Pollinators such as honey bees visit the plants avidly during the flowering season, without recorded ill effects from the nectar or pollen.

==Status==
Currently the IUCN Red List lists only two species of Tylecodon as "near threatened" (NT), namely Tylecodon aridimontanus and Tylecodon aurusbergensis. However, stock deaths have prompted farmers to treat the plants as weeds, to the extent that fears have been expressed for the future of some species.

==Cultivation==
Some species of Tylecodon are attractive or intriguing enough to be popular among succulent collectors. However, novices have been advised to take precautions against poisoning. For example, some experienced horticulturists wear gloves when handling the plants. Most species are easy to grow in well-drained soil in hot conditions in full sunlight, very sparingly watered, as is commonly recommended for succulents from arid regions.

==Species==
The genus Tylecodon includes the following species, but this list certainly is incomplete. For one thing, it does not contain any mention of subspecies, hybrids and the like. Also, inevitably, new species are described occasionally.
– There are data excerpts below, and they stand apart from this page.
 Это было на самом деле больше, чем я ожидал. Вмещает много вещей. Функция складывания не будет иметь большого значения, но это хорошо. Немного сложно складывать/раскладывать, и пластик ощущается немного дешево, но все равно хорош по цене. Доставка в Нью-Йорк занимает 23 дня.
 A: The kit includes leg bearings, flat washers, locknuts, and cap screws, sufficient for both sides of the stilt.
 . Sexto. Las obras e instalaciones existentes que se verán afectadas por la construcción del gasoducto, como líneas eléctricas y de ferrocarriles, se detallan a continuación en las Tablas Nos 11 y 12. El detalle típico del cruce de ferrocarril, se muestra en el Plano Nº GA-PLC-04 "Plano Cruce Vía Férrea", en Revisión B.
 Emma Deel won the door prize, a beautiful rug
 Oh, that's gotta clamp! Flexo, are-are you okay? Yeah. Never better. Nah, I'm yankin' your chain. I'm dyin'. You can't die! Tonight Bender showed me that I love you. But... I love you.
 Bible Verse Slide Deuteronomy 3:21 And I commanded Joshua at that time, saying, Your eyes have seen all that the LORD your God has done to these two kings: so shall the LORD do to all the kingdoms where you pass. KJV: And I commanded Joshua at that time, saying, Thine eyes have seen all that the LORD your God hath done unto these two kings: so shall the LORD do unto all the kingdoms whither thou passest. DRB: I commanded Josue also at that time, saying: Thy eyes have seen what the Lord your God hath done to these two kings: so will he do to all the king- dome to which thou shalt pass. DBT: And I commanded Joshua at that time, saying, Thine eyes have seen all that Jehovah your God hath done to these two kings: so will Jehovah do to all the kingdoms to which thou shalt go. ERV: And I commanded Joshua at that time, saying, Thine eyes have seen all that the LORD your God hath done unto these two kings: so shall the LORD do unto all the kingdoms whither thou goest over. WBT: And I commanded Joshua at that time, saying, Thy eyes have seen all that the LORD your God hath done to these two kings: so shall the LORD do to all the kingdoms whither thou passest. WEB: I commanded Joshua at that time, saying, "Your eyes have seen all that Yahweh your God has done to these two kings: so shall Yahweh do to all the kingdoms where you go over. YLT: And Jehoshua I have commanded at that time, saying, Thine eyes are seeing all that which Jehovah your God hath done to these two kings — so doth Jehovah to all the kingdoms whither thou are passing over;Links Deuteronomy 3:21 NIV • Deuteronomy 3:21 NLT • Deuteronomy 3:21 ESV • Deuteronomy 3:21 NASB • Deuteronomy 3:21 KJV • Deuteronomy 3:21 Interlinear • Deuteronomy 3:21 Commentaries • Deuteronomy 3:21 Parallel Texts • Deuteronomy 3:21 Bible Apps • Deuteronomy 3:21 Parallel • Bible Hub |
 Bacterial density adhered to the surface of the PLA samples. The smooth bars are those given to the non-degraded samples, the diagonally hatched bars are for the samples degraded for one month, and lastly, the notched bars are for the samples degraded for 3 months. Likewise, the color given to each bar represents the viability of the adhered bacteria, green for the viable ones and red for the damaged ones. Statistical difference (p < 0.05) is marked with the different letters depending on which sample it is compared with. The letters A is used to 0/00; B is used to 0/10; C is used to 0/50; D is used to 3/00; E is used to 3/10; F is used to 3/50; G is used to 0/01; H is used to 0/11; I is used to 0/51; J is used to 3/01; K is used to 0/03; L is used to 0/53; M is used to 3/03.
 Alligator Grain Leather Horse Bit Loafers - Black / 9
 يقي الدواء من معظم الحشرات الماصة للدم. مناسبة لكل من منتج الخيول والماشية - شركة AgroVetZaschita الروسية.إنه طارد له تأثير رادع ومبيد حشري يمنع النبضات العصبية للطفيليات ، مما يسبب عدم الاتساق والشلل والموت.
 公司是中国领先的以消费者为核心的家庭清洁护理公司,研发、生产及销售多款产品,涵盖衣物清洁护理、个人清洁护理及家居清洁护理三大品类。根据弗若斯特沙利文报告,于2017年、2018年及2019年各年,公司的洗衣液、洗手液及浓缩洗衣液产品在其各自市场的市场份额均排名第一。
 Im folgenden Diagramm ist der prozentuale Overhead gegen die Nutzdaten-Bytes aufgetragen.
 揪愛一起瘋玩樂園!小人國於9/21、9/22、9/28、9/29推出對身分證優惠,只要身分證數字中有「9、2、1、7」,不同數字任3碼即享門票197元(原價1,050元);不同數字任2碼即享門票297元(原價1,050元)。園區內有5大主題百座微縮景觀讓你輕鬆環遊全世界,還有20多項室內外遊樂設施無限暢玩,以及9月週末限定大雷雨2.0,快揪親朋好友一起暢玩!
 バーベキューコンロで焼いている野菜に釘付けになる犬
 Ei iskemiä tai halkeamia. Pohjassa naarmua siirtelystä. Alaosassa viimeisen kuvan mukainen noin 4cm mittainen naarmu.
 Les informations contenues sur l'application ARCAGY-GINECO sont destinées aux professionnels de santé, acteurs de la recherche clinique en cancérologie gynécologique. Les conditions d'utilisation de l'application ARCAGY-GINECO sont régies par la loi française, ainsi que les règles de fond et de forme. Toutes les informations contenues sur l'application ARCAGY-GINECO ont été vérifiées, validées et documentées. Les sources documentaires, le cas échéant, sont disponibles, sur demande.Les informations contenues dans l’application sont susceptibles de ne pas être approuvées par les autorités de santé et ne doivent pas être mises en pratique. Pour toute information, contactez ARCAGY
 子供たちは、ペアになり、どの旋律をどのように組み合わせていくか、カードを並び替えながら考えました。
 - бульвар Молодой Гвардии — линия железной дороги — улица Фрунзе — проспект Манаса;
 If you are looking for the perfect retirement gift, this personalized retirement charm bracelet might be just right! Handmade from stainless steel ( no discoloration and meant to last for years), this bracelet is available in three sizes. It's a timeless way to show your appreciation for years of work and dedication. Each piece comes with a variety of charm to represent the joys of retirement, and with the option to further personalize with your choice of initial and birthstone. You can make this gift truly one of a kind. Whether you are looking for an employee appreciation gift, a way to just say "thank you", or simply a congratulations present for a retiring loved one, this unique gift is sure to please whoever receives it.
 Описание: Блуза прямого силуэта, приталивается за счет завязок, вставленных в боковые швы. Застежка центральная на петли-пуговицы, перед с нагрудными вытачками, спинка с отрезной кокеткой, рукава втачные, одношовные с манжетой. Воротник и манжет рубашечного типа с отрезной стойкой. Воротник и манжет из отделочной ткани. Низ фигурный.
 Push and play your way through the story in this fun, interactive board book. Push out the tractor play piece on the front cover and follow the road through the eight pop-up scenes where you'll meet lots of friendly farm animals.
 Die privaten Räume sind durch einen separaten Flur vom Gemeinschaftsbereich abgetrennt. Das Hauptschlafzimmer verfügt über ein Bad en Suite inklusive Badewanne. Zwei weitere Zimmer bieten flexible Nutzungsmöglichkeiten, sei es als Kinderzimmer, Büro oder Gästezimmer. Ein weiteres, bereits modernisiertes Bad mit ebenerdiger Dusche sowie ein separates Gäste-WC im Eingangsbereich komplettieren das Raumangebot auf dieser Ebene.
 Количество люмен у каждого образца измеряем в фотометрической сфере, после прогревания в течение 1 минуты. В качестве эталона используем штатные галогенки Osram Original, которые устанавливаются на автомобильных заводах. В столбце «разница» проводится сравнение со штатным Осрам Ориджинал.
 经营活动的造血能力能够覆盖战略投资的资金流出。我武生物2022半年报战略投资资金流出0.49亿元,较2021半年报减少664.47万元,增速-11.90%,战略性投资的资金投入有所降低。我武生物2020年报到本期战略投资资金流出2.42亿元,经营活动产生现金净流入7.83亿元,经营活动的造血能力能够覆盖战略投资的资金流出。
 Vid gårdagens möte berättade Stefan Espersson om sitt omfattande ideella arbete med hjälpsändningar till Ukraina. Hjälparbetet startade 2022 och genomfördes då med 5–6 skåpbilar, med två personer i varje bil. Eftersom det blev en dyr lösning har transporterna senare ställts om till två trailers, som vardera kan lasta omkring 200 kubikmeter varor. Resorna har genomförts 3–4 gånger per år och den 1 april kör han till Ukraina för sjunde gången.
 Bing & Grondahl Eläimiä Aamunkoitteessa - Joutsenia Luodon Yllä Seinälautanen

- Tylecodon albiflorus Bruyns
- Tylecodon aridimontanus, G. Will.
- Tylecodon atropurpureus Bruyns
- Tylecodon aurusbergensis, G. Will. & Van Jaarsv.
- Tylecodon bayeri E. J. Van Jaarsveld
- Tylecodon buchholzianus (Schuldt & Stephens) Tölken FP 45: 1774.
- Tylecodon cacaliodes (L. f.) Tölken FP 7: 249.
- Tylecodon cacaliodes (L. f.) Tölken x T. paniculatus (L. f.) Tölken
- Tylecodon decipiens Tölken
- Tylecodon ellaphieae E. J. Van Jaarsveld FP 50: 1983.
- Tylecodon faucium (V. Pölln.) Tölken
- Tylecodon fragilis (R. A. Dyer) Tölken FP 41: 1631.
- Tylecodon grandiflorus (Burm. f.) Tölken FP 27: 1046.
- Tylecodon hallii (Tölken) Tölken
- Tylecodon hirtifolius (W. f. Barker) Tölken FP 18: 690.
- Tylecodon kritzingeri E. J. Van Jaarsveld FP 51: 2006.
- Tylecodon leucothrix (C. A. Sm.) Tölken
- Tylecodon occultans (Tölken) Tölken
- Tylecodon paniculatus (L. f.) Tölken FP 29: 1142.
- Tylecodon pearsonii (Schonl.) Tölken
- Tylecodon pusillus Bruyns
- Tylecodon pygmaeus (W. f. Barker) Tölken FP 10: 396.
- Tylecodon racemosus (Harv.) Tölken FP 22: 848.
- Tylecodon reticulatus (L. f.) Tölken
- Tylecodon rubrovenosus (Dinter) Tölken
- Tylecodon schaeferianus (Dinter) Tölken FP 10: 394
- Tylecodon similis (Tölken) Tölken
- Tylecodon singularis (R. A. Dyer) Tölken FP 41: 1606.
- Tylecodon stenocaulis Bruyns
- Tylecodon striatus (P. C. Hutch.) Tölken
- Tylecodon suffultus Bruyns ex Tölken var. suffultus.
- Tylecodon sulphurous (Tölken) Tölken
- Tylecodon tenuis (Tölken) Tölken
- Tylecodon tomosus Tölken
- Tylecodon tuberosus Tölken
- Tylecodon ventricosus (Burm. f.) Tölken
- Tylecodon viridiflorus (Tölken) Tölken FP 48: 1919.